Migrating service databases
^^^^^^^^^^^^^^^^^^^^^^^^^^^
The first step is to dump copies of the existing Monasca database. For example:
.. code-block:: console
mysqldump -h 10.0.0.1 -u monasca_db_user -p monasca_db > monasca_db.sql
This can then be used to replace the Kolla managed Monasca database. Note that
it is simplest to get the database password, IP and port from the Monasca API
Kolla config file in `/etc/kolla/monasca-api`. Also note that the commands
below drop and recreate the database before loading in the existing database.
.. code-block:: console
mysql -h 192.168.0.1 -u monasca -p -e "drop database monasca; create database monasca;"

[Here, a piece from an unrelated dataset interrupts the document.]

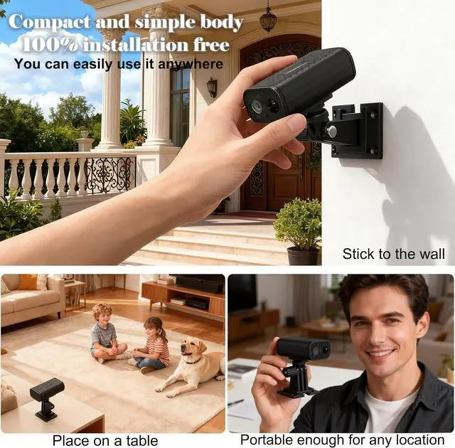 [Ultra-Compact body & Excellent weather resistance] Its compact size and srylish appearance, combined with IP66 weather resistant, make it easy to integrate into various home or office environments. Whether it is Home monitoring office corners, store shelves, damp spaces, or outdoor rainy days, it can be easily deployed, making 24/7 safety monitoring accessible in the most elegant and convenient way. The installation method is also very simple, as long as the bracket is in place, your camera can be removed or installed at will.
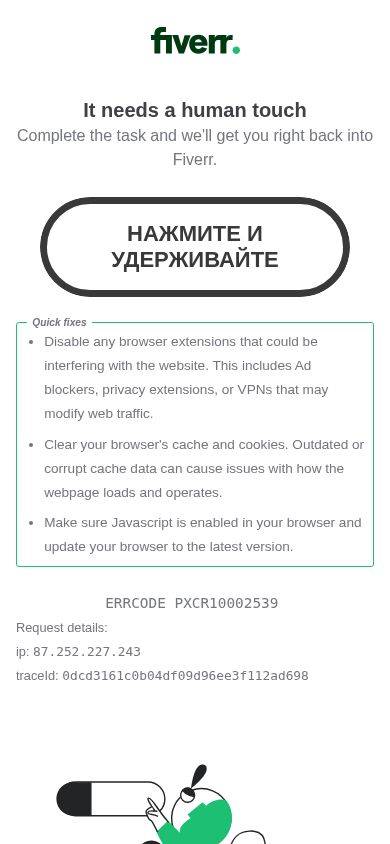 | SEO-описание | Complete the task and we'll get you right back into Fiverr. |

mysql -h 192.198.0.1 -u monasca -p monasca < monasca_db.sql
Migrating passwords
^^^^^^^^^^^^^^^^^^^
The next step is to set the Kolla Ansible service passwords so that they
match the legacy services. The alternative of changing the passwords to match
the passwords generated by Kolla Ansible is not considered here.
The passwords which you may wish to set to match the original passwords are:
.. code-block:: console
monasca_agent_password:
These can be found in the Kolla Ansible passwords file.
Stamping the database with an Alembic revision ID (migrations from pre-Rocky)
^^^^^^^^^^^^^^^^^^^^^^^^^^^^^^^^^^^^^^^^^^^^^^^^^^^^^^^^^^^^^^^^^^^^^^^^^^^^^
Kolla Ansible supports deploying Monasca from the Rocky release onwards. If
you are migrating from Queens or below, your database will not have been
stamped with a revision ID by Alembic, and this will not be automatic.
Support for Alembic migrations was added to Monasca in the Rocky release.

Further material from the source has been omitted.